For families with kids across a range of ages, this matters enormously. A two-year-old and a nine-year-old can both find their entry point into the same exhibit because the experiences scale. The little one is transfixed by the goat’s velvety ears. The older kid is watching how the stingray feeds and asking questions about cartilaginous fish. Both are learning. Neither is bored. That’s the design working exactly as intended.
Planning Your Visit
The grand opening is May 23, 2026. The Detroit Zoo is located at 8450 W. Ten Mile Road in Royal Oak, with easy access from multiple Detroit-area freeways.
General zoo admission applies for access to the Discovery Trails. Standard adult admission runs around $26 and $21 for children ages 2 through 14, though pricing can shift seasonally and members always enter free. If your family visits the zoo more than twice a year, a membership pays for itself quickly and also supports the zoo’s conservation work. Worth the math.
For the stingray feeding specifically, additional fees may apply, as they do with many touch-tank and feeding experiences at zoos and aquariums. Check the Detroit Zoo’s website directly before your visit for the most current pricing on any add-on experiences within the Discovery Trails. Planning ahead also helps with parking, which on busy weekend days can require some patience.
May and June are genuinely lovely times to visit. The weather cooperates more often than not, the grounds are at their greenest, and the crowds haven’t yet reached peak summer density. If you can swing a weekday visit during the summer, even better. But the May 23 opening weekend is going to draw a crowd, and for good reason. First-day energy at a new exhibit is its own kind of experience.
Why This Matters for Detroit
Detroit families have always shown up for the zoo. The Detroit Zoological Society consistently ranks among the region’s most visited cultural institutions, and the zoo’s leadership has made a clear commitment over the past decade to building experiences that compete with anything available in larger metro areas.
The Erb Discovery Trails is a statement piece. It says that Royal Oak is a destination, that Southeast Michigan families don’t need to drive to Chicago or Columbus to access world-class zoo experiences. It says that someone believed enough in this region to put significant philanthropic resources behind a multi-year construction project designed specifically for discovery and joy.

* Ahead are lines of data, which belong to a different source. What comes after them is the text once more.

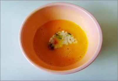 4、 成型的米饭坯放入打散的蛋液里,使其均匀的包裹一层蛋液。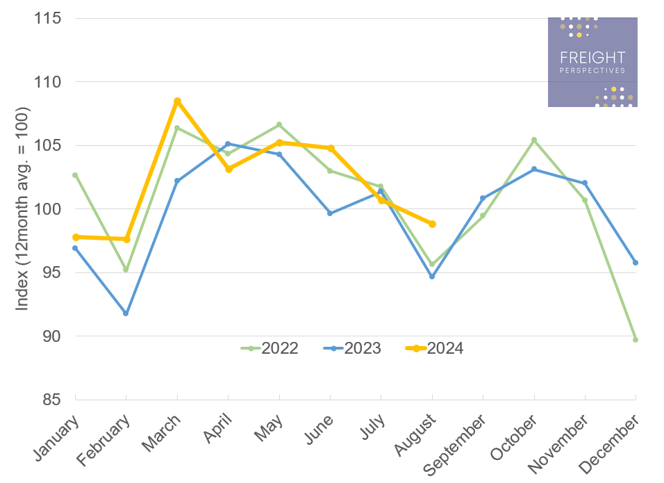 Despite the unexpected decline in July, August's data and preliminary forward-looking indicators from the Transporeon platform suggest a robust recovery in truck activity. On the other hand, although the demand figures for August indicate a slight upward trend, this is significantly below the previously expected values. This, combined with the weak July values, indicates a delayed return to growth economy and transportation demand in Europe.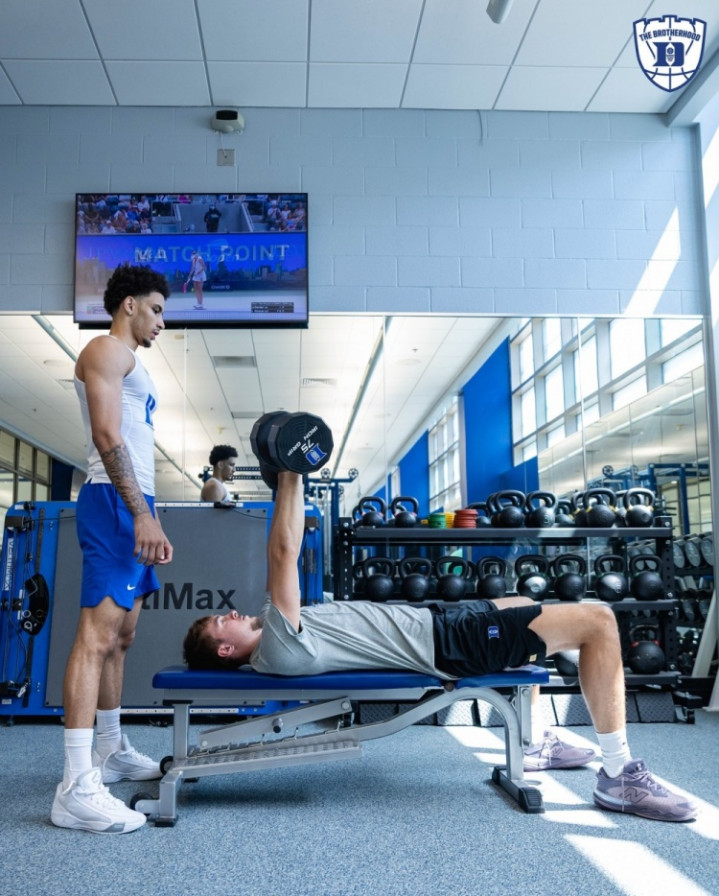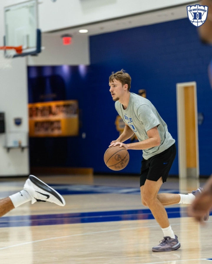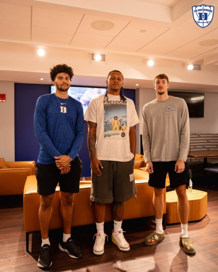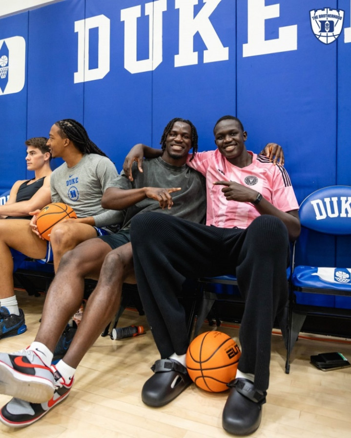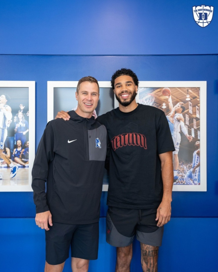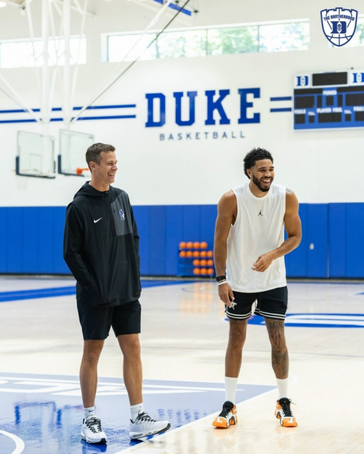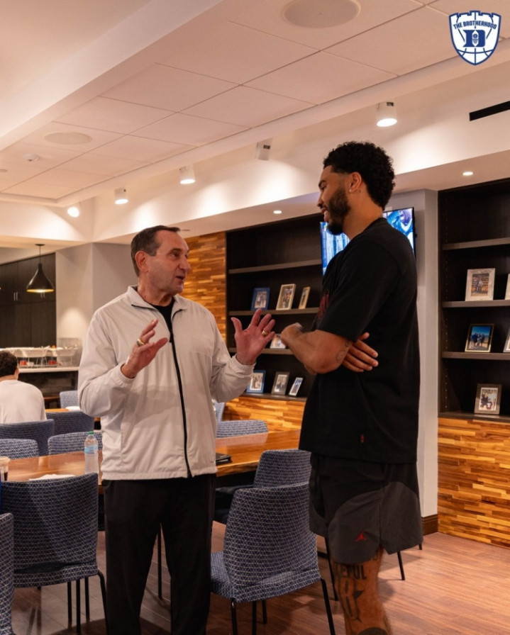 直播吧8月30日讯杜克大学官方社媒更新动态,晒出了前主帅老K教练,还有杜克校友塔图姆、班凯罗、今年的新秀弗拉格、马卢阿奇等人回到母校训练的照片,并写道:“永远的兄弟情。”

There’s also something worth appreciating about how the exhibit is named. Fred and Barbara Erb have long been connected to environmental and conservation causes in Michigan. Having their name on an exhibit built around connecting young people to the natural world is a coherent legacy. The kids who feed stingrays here in 2026 might become the conservationists and environmental advocates of 2046. Institutions that build that pipeline are doing something important.
The Bottom Line for Detroit Families
If you have kids, know kids, or simply enjoy watching people experience genuine wonder, the Erb Discovery Trails is a reason to make a plan. May 23 is the opening date. The stingray pool is waiting. The goats are ready.
It’s also the story of a city continuing to invest in the kinds of experiences that make families want to stay, return, and root themselves somewhere. That’s not nothing. That’s actually everything.
Put it on the calendar. Show up with your sleeves already rolled up.